Your copy should start at the line with "מצב מוצע 1:1250" and end at the line with "4.林道黒松線(天竜区熊) 枝払いはされているが、間伐前 太陽光線はよく通る" in the data below. Transcribe only those lines, exactly, pictures excluded.

↓↓↓

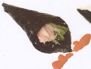
383. TEMAKI SPICY BLACK CON RISO VENERE, GAMBERO COTTO AVOCADO E PICCANTE € 4,50
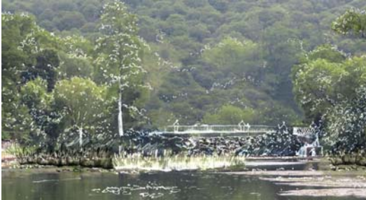
Perspective de la future surverse et de la passerelle, vue depuis l'étang aval./URBAN ECO SCOP

Les travaux correspondants ont commencé à l'automne 2019. La première phase a consisté à curer le Vieil étang et à créer une nouvelle digue entre les deux étangs avec réalisation d'une surverse qui fera un tiers de la longueur de la digue.
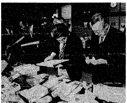
会場での審査風景。225点が合格しました。

注 ①泳法教室申し込み者は、必ず受け下さい。受け下さない場合は無効となります。②資格テストの結果、定員をオーバーした場合は、未受講者および高学年を優先します。
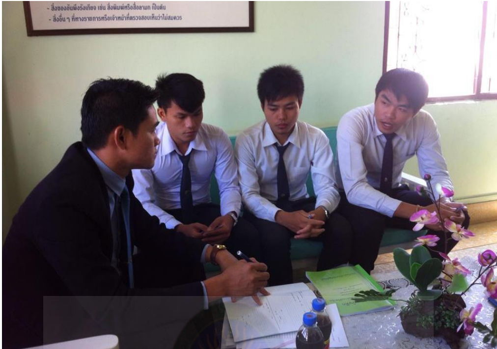
ภาพภาคผนวกที่ 3 การสัมภาษณ์นักศึกษา วันที่ 18 เดือน เมษายน พ.ศ. 2558
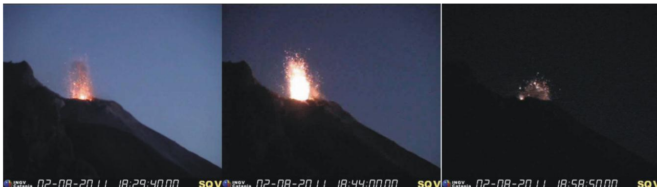
Figura 3 – Sequenza di immagini dalla telecamera visibile di quota 400 m tra le 18 e le 19 UTM che mostrano l'attività esplosiva ai crateri sommitali e la scomparsa dell'incandescenza legata alla emissione della colata lavica (vedi Figura 1 per confronto).

Anche le immagini notturne della telecamera visibile mostrano che la colata è ormai in avanzato stato di raffreddamento e non appare essere più alimentata (Figura 3).
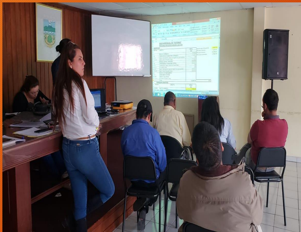
AROBACION PLAN ANUAL DE CONTRATACION
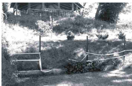
Tędy szli złodzieje.

Właściwie to, co się stało kilka dni temu na terenie SP nr 1 trudno przemilczeć, choć z drugiej strony, jak życie pokazuje, takie apele, publiczne piętnowanie nie przynosi zamierzonego efektu. Kradzieże jak były, tak są i niestety, pewnie będą. Rzecz jednak w tym, aby nie przechodzić
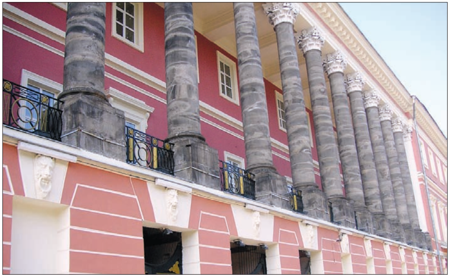
Екатерининский дворец в Лефортово (внутренняя отделка стен и потолков Weber Vetonit)

Концерн «Сен-Гобен» входит в TOP-100 промышленных корпораций мира. В рамках концерна существует несколько бизнес-направлений. Сектор «Сен-Гобен Строительная Продукция» — один из самых крупных в концерне и составляет более 23% в общем обороте компании.
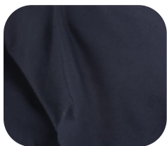
#1330032 | PRO-TWIST PRETO

Com alto fator de proteção UV (FPS 50+), utiliza fibras de poliamida que são termicamente mais confortáveis e duráveis.
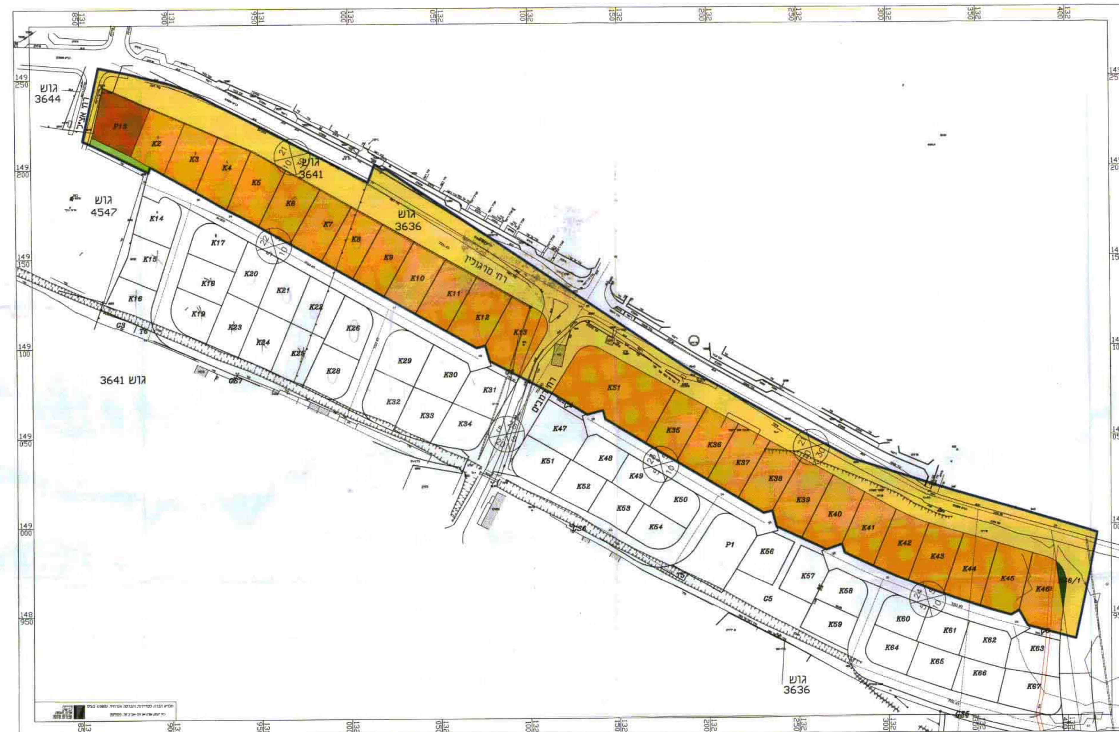
מצב מוצע 1:1250
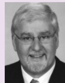
Joachim Mertes Präsident des Landtags Rheinland-Pfalz

Aus der Vergangenheit zu lernen, sich mit der Gegenwart zu beschäftigen und die Zukunft mit zu gestalten, dazu bieten Euch die drei Themen des Schüler- und Jugendwettbewerbs wieder Gelegenheit: Mitgedacht – mitgemacht! Wir freuen uns auf Eure Beiträge.
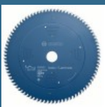
BOSCH Disc Best for Laminate 305x30x96T
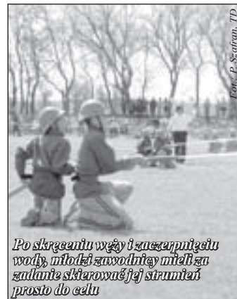
Po skróceniu węży i zaczepnięciu wody, młodzi zawodnicy mieli za zadanie skierować jej strumień prosto do celu

Tego samego dnia na strażaków sportowców czekała niespodzianka. W sali sołectkiej w Piskorzowie z rąk zastępcy burmistrza Pieszyc
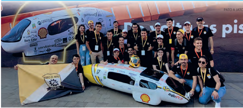
Pato a Jato é tetracampeã brasileira de competição de eficiência energética
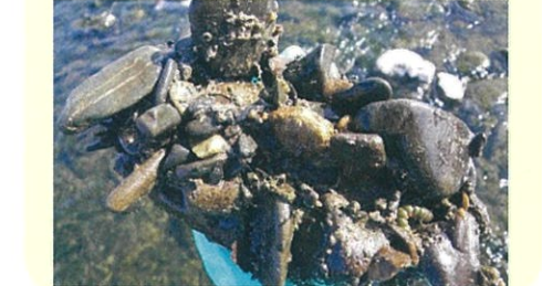
箕輪町北島 2011年1月28日撮影

幼虫は川の小さなゴミ（微粒子有機物）を一日中食べ続け、半分は糞（うんち）として川底に放出します。幼虫の食欲旺盛な季節には直径2mm弱ほどの糞の粒が流れの弱い場所にたまりやすくなります。写真は幼虫の数が多かった頃の川岸の様子で、泥だまりのように見える茶色のかたまりが無数の糞です。これが糞と気づいた時は衝撃でした。
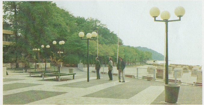
Luminaire boule M 3405
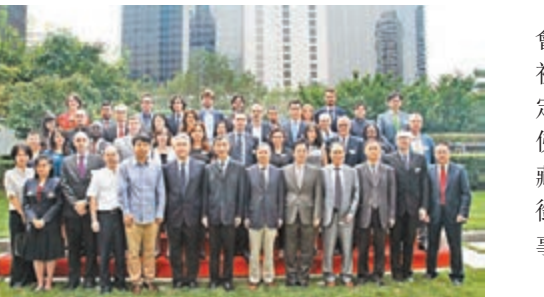
參加研修計劃的國外青年漢學家。
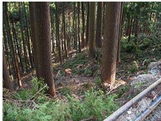
4.林道黒松線(天竜区熊) 枝払いはされているが、間伐前 太陽光線はよく通る
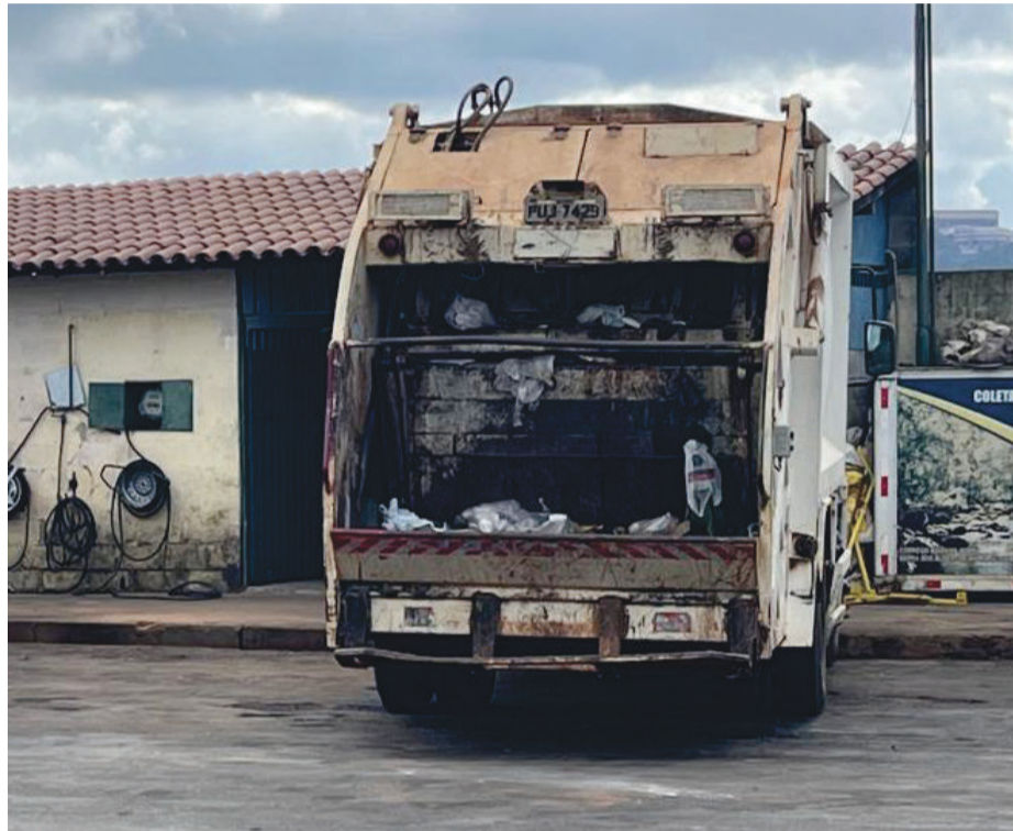
É visível o sucateamento da frota da Itaurb, conforme registro na manhã do dia 3 de julho no pátio de manutenção da autarquia da Prefeitura

regularidades no período entre 2019 e 2023. Diante da resistência enfrentada na solicitação dos documentos, a comissão buscou informações no Portal da Transparência, em especial, dados acerca das demonstrações contábeis do período, documentos esses, como dito, correspondem a uma obrigação acessória perante ao Fisco federal, com base nos livros contábeis, hoje digitalmente escriturados.
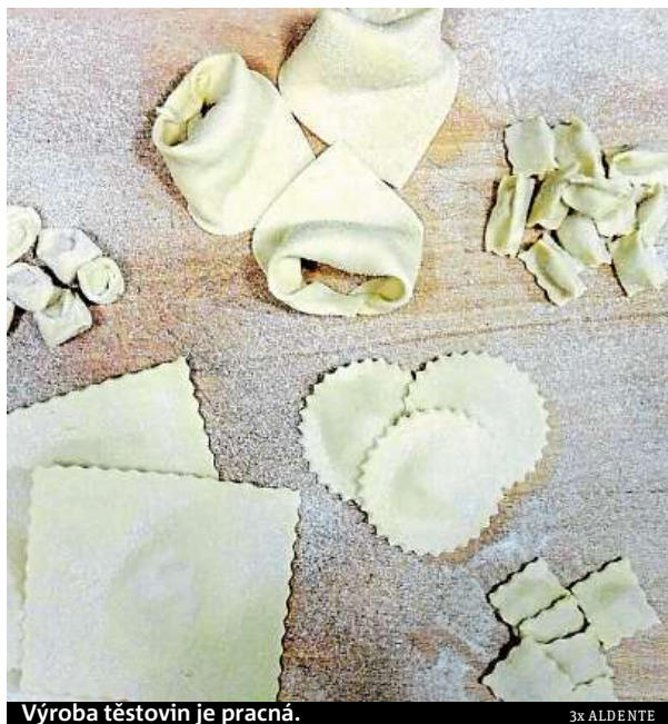
Výroba těstovin je pracná.
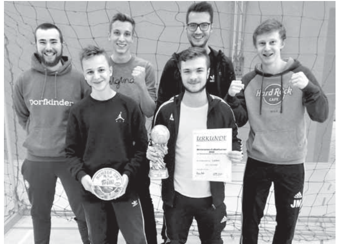
Das erfolgreiche Team

Beim jährlichen Ministranten-Fußballturnier der Regionalstelle für kirchliche Jugendarbeit erkämpften sich heuer unsere »großen Minis« (Ü 15) einen verdienten 3. Platz (von 8 sehr starken Mannschaften in dieser Altersklasse). Für mich als Zuschauer bzw. Fan (und sonst kaum Fußball-Interessierter) war es ein mitreißendes Erlebnis, unsere »Fußballjungs« (fünf aus Lauben und einer aus Börwang) in Aktion zu sehen. Insbesondere die Platzierungsspiele ließen bei allen Zuschauern die Emotionen »hochkochen«. Erschöpft, aber glücklich und zufrieden mit dem tollen Ergebnis traten wir nach der Siegerehrung den Heimweg an.

↑↑↑

- [SOLUTION TO THIS EXERCISE]
מצב מוצע 1:1250
Joachim Mertes Präsident des Landtags Rheinland-Pfalz

Aus der Vergangenheit zu lernen, sich mit der Gegenwart zu beschäftigen und die Zukunft mit zu gestalten, dazu bieten Euch die drei Themen des Schüler- und Jugendwettbewerbs wieder Gelegenheit: Mitgedacht – mitgemacht! Wir freuen uns auf Eure Beiträge.
BOSCH Disc Best for Laminate 305x30x96T
Po skróceniu węży i zaczepnięciu wody, młodzi zawodnicy mieli za zadanie skierować jej strumień prosto do celu

Tego samego dnia na strażaków sportowców czekała niespodzianka. W sali sołectkiej w Piskorzowie z rąk zastępcy burmistrza Pieszyc
Pato a Jato é tetracampeã brasileira de competição de eficiência energética
箕輪町北島 2011年1月28日撮影

幼虫は川の小さなゴミ（微粒子有機物）を一日中食べ続け、半分は糞（うんち）として川底に放出します。幼虫の食欲旺盛な季節には直径2mm弱ほどの糞の粒が流れの弱い場所にたまりやすくなります。写真は幼虫の数が多かった頃の川岸の様子で、泥だまりのように見える茶色のかたまりが無数の糞です。これが糞と気づいた時は衝撃でした。
Luminaire boule M 3405
參加研修計劃的國外青年漢學家。
4.林道黒松線(天竜区熊) 枝払いはされているが、間伐前 太陽光線はよく通る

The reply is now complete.